As the cold, autumnal air turned cheeks and noses red at a Sheffield primary school this week, some people might have questioned why lessons were being held outdoors.
There was certainly evidence of a runny nose or two. Hats and gloves were an essential requirement. And the teachers relished getting their freezing mitts on warm cup of coffee at break.
But one thing shone, even if the sun did not. And that was the smiles on the faces of these Year 2 children. They were outdoors, they were tackling engaging activities. And they were loving it.
The school in question was holding a Forest School session. No, a Forest School isn’t necessarily a school in the middle of a forest. It doesn’t have to be anywhere near one.
Any school can become a “Forest School” by getting staff trained in methods of outdoor learning that embrace the whole curriculum and provide a platform to move forward teaching in a stimulating fashion.
Schools give a vastly different emphasis to outdoor learning. Some schools don’t really engage with it at all, while some try to do as much as they can with the resources they have.
Others, however, have thrown their heart and soul into it, providing six or seven full days of outdoor learning.
English and maths lessons are built into this outdoor study, along with science and humanities topics. The ways the curriculum is integrated with the outdoors is innovative in many cases.

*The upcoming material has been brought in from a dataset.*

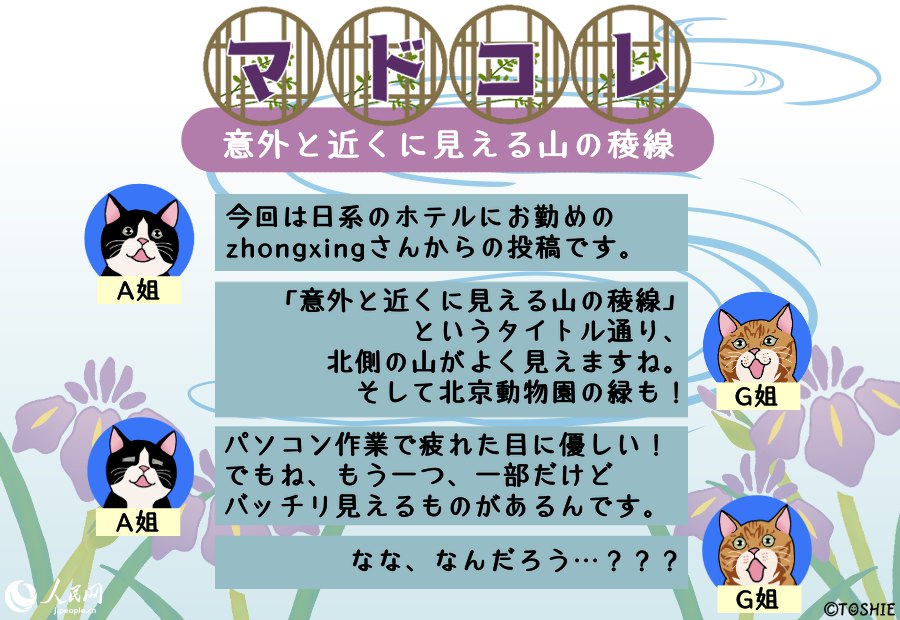 ウチのオフィスの窓からは、こんな風景またはこんなモノが見えると自慢していただく「マドコレ(窓から見た風景コレクション)」コーナー。どこまでも続く青い空や遠くに見える山々といった自然の風景から、オフィス街に建ち並ぶ高層ビルや幹線道路を走る車、庶民の暮らしが垣間見えるローカルな街並み、はたまた移動中の車窓からの眺めなどなど、高さや場所も異なれば、その窓から眺める風景も千差萬別。中には仕事の意欲をアップさせてくれる元気の出る光景もあれば、疲れを癒してくれるほっこりした風景も。そんな皆さまからお寄せいただいたマドコレの數(shù)々を、毎週火曜日に、人民網(wǎng)日本人編集者のA姐とG姐がコメントしながら、のんびり紹介していきます。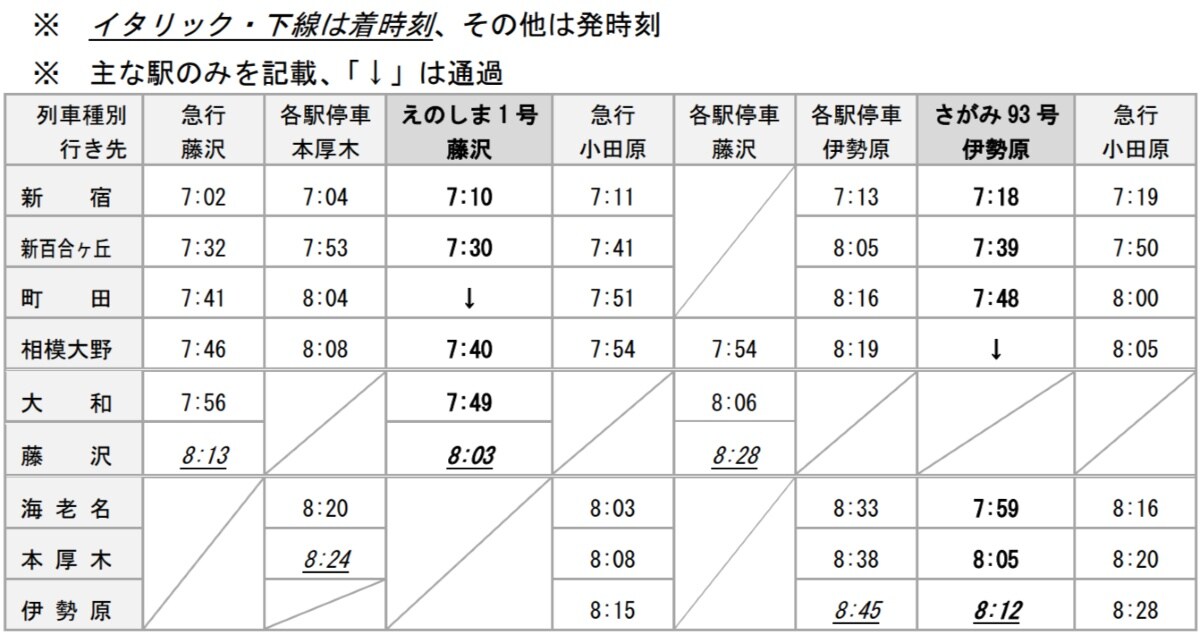 ・平日朝方:新宿発の「えのしま」「さがみ」計2本増発

With Sheffield marketing itself as the outdoor city, it was delightful to be a part of such a fun and challenging day out of the classroom. In this case the children used the school grounds to learn about trees and nature, but other days might include a trip to the countryside or maybe a local wood.
The key thing is to get outdoors. Our city and its environs are on the holiday map for people wanting to enjoy hiking and climbing and so it’s important we share our greatest asset with young people. Investing time to allow them to enjoy nature and learn about its value is not only going to increase happiness in schools but it could also have a longer-term impact on safeguarding our city’s unique selling point and promoting Sheffield as the best outdoors destination.
How encouraging to discover Sheffield and Rotherham Wildlife Trusts are aiming to create a woodland shelter at Greno Woods that may be used as an outdoor learning environment.
A range of activities are already available there to engage children at South Yorkshire schools and plans are in place to develop that provision even further.
Schools on the edge of the city have countryside they can access easily and others with large playing grounds are also at an advantage. But there are many inner-city schools in Sheffield and some do not have any natural grass. For these schools, it is vital that provision is made that allows classes to get to an established location for an organised day’s learning.
We should be thankful for work done in this area by the council, Wildlife Trusts, the National Trust and others.
Sadly, the emphasis given to outdoor learning seems to tail off the older children get.
Parents often send their children into Year 1 and see nature exploration as a key part of the curriculum. Moving into Key Stage 2, the opportunities tend to be cut as SATs become the focus.
At secondary schools, few have heard of Forest School. Shorter lessons and timetabling pressures mean there is rarely the chance to take children away from the confines of the classroom.
The luxury of time in the countryside is something that schools might limit to a residential in Year 8 and consider the box ticked.
But headteachers have a valuable – and free – resource that this city offers. It’s called the surrounding countryside. It’s the greenbelt. It’s the Peak District National Park.
It’s something that can boost the emotional and spiritual wellbeing of our young people. It’s a teaching tool that should be used more often throughout a child’s journey along the school system.